WHAT THIS TASK INVOLVES: The material below is to be copied exactly from the line with "淡い朝日に照らされた妙義の山々です。" up to and including the line with "7月4日,合川区人民政府来校", with nothing else kept and no pictures.

━━━━━ ENTRIES SUPPLIED

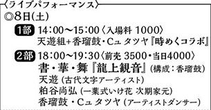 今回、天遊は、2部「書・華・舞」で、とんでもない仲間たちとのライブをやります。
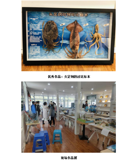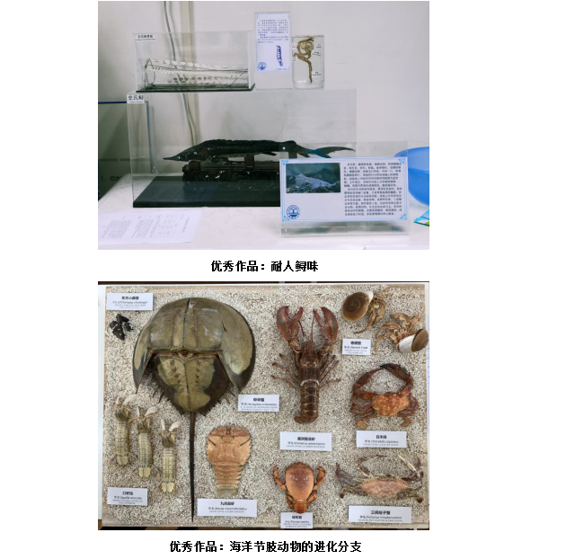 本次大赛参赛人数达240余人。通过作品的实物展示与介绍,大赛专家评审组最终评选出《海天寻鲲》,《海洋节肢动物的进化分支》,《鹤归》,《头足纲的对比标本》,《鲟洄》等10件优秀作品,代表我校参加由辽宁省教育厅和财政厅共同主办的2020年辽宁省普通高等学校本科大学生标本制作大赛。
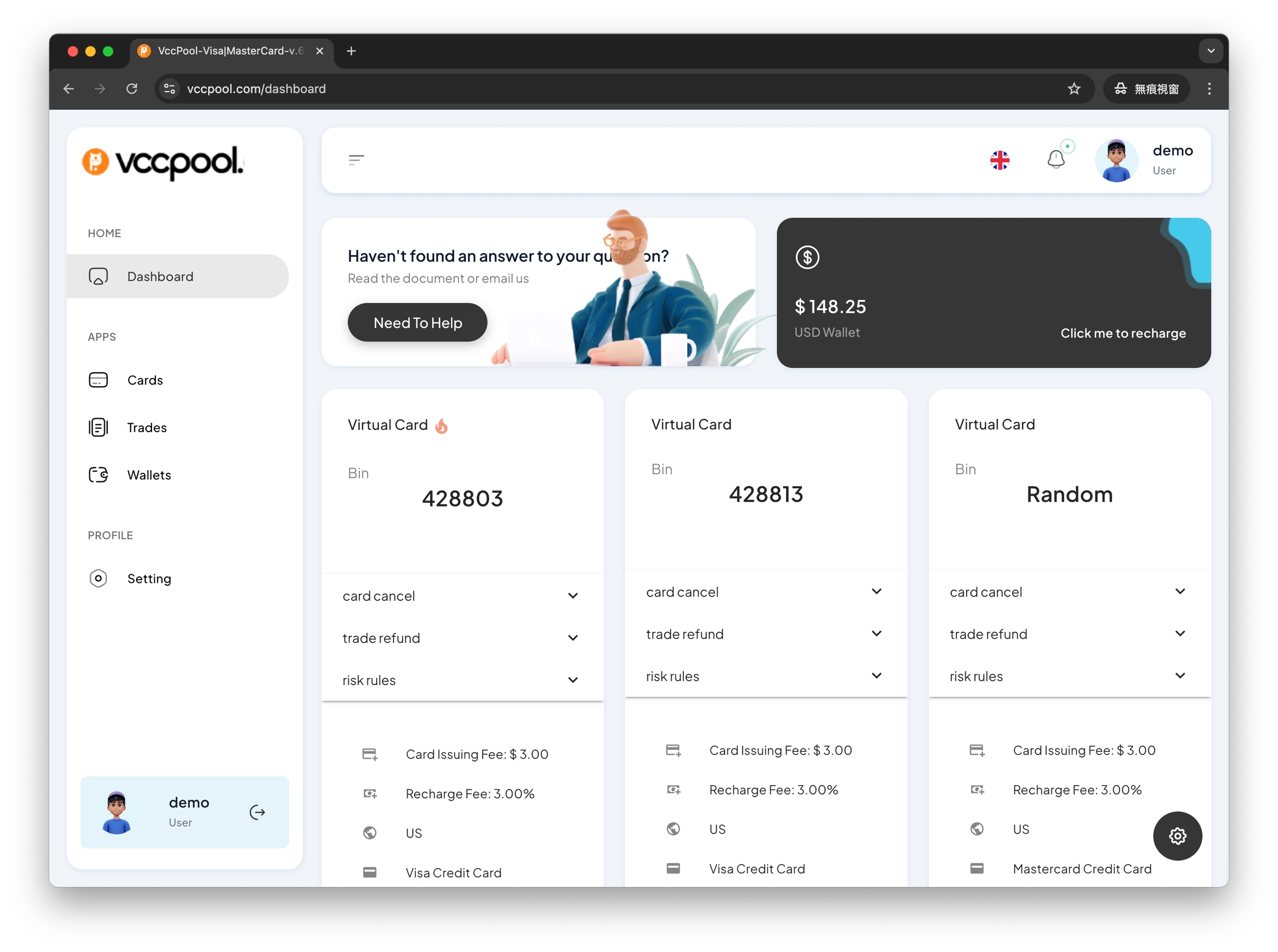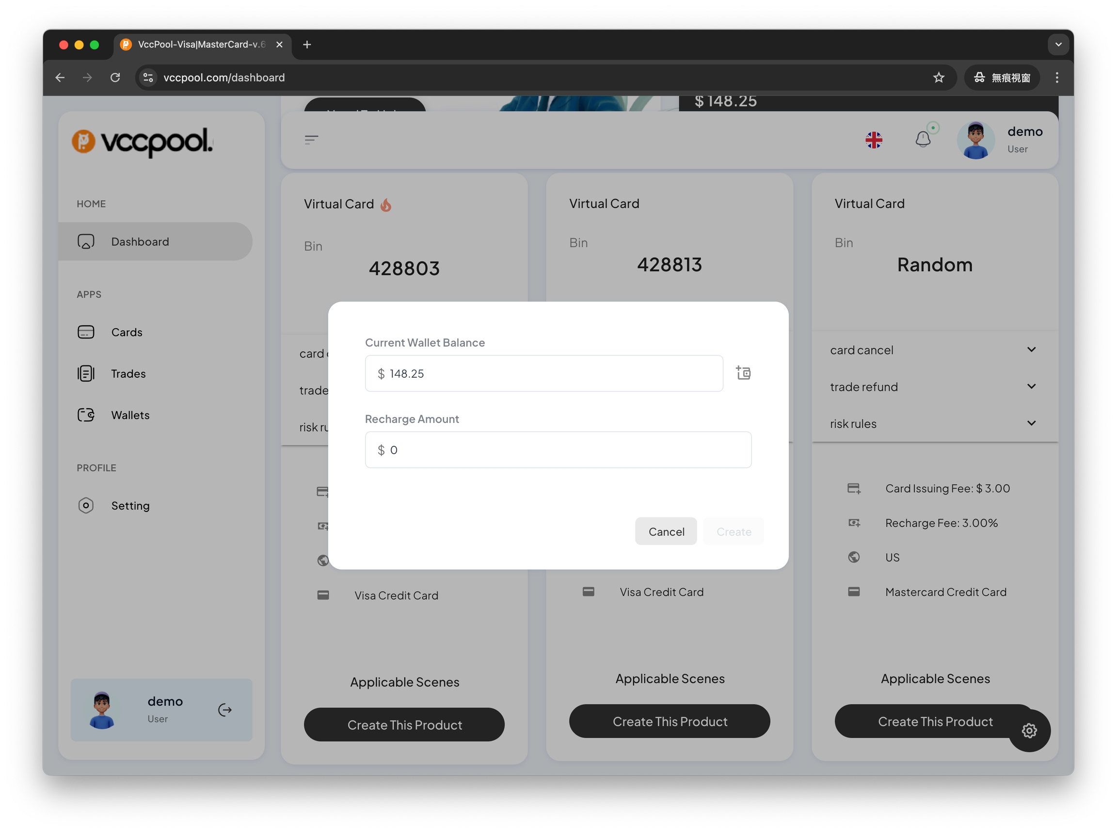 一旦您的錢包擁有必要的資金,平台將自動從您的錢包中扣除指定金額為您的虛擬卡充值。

━━━━━━━━━━
━━━━━ ENTRIES SUPPLIED

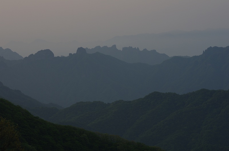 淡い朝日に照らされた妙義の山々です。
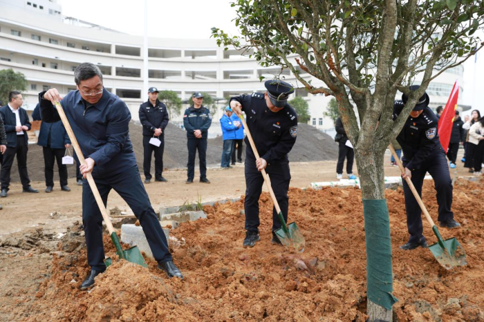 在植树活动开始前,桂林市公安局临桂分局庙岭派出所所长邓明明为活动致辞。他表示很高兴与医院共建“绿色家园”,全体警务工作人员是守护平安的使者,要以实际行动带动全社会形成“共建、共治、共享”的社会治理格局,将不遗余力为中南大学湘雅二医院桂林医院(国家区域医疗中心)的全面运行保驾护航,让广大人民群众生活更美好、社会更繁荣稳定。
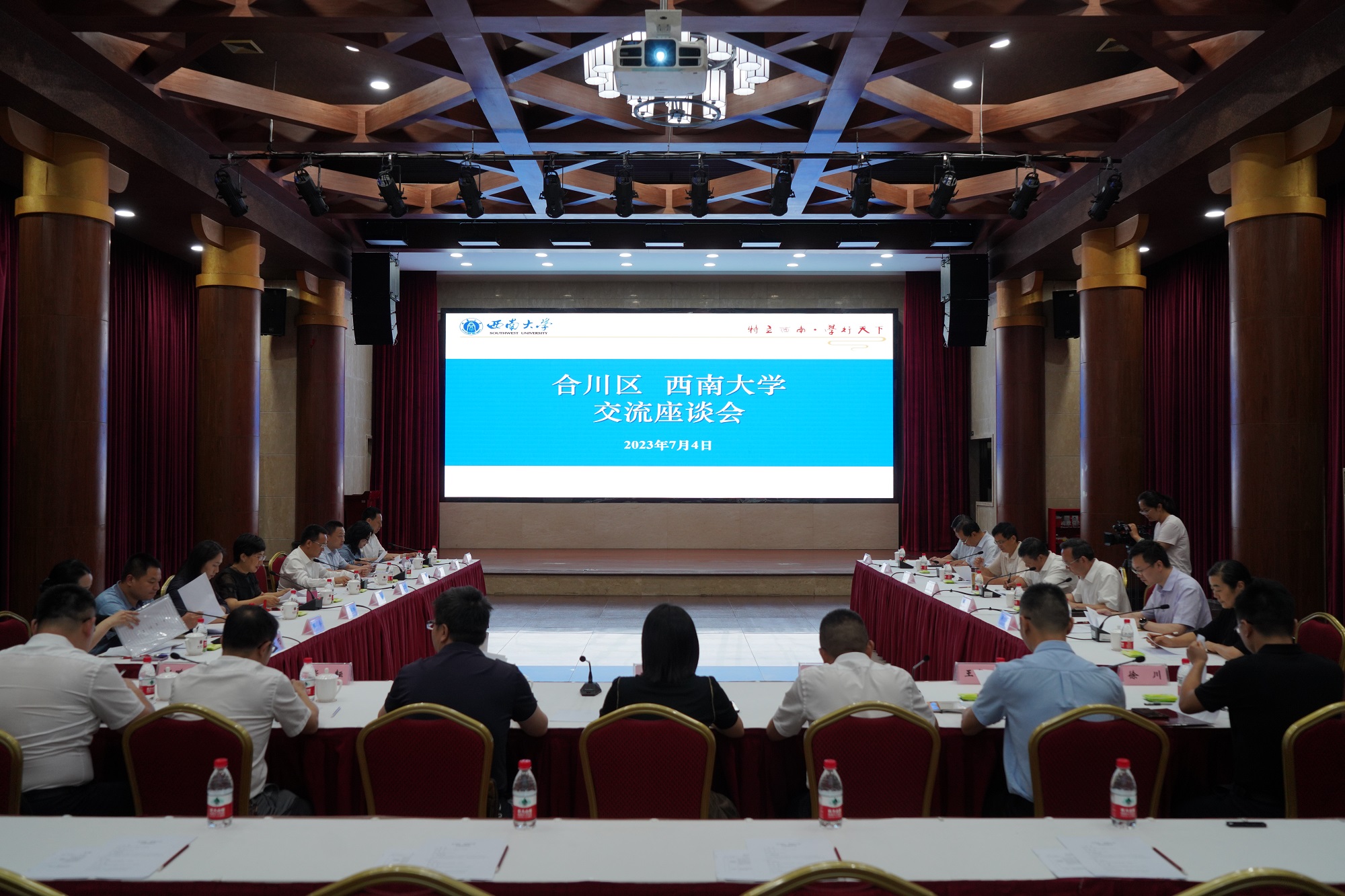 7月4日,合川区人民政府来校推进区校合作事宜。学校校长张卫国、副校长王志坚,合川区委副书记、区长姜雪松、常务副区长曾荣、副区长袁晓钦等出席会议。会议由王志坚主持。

━━━━━━━━━━

RESPONSE:
 淡い朝日に照らされた妙義の山々です。
 在植树活动开始前,桂林市公安局临桂分局庙岭派出所所长邓明明为活动致辞。他表示很高兴与医院共建“绿色家园”,全体警务工作人员是守护平安的使者,要以实际行动带动全社会形成“共建、共治、共享”的社会治理格局,将不遗余力为中南大学湘雅二医院桂林医院(国家区域医疗中心)的全面运行保驾护航,让广大人民群众生活更美好、社会更繁荣稳定。
 7月4日,合川区人民政府来校推进区校合作事宜。学校校长张卫国、副校长王志坚,合川区委副书记、区长姜雪松、常务副区长曾荣、副区长袁晓钦等出席会议。会议由王志坚主持。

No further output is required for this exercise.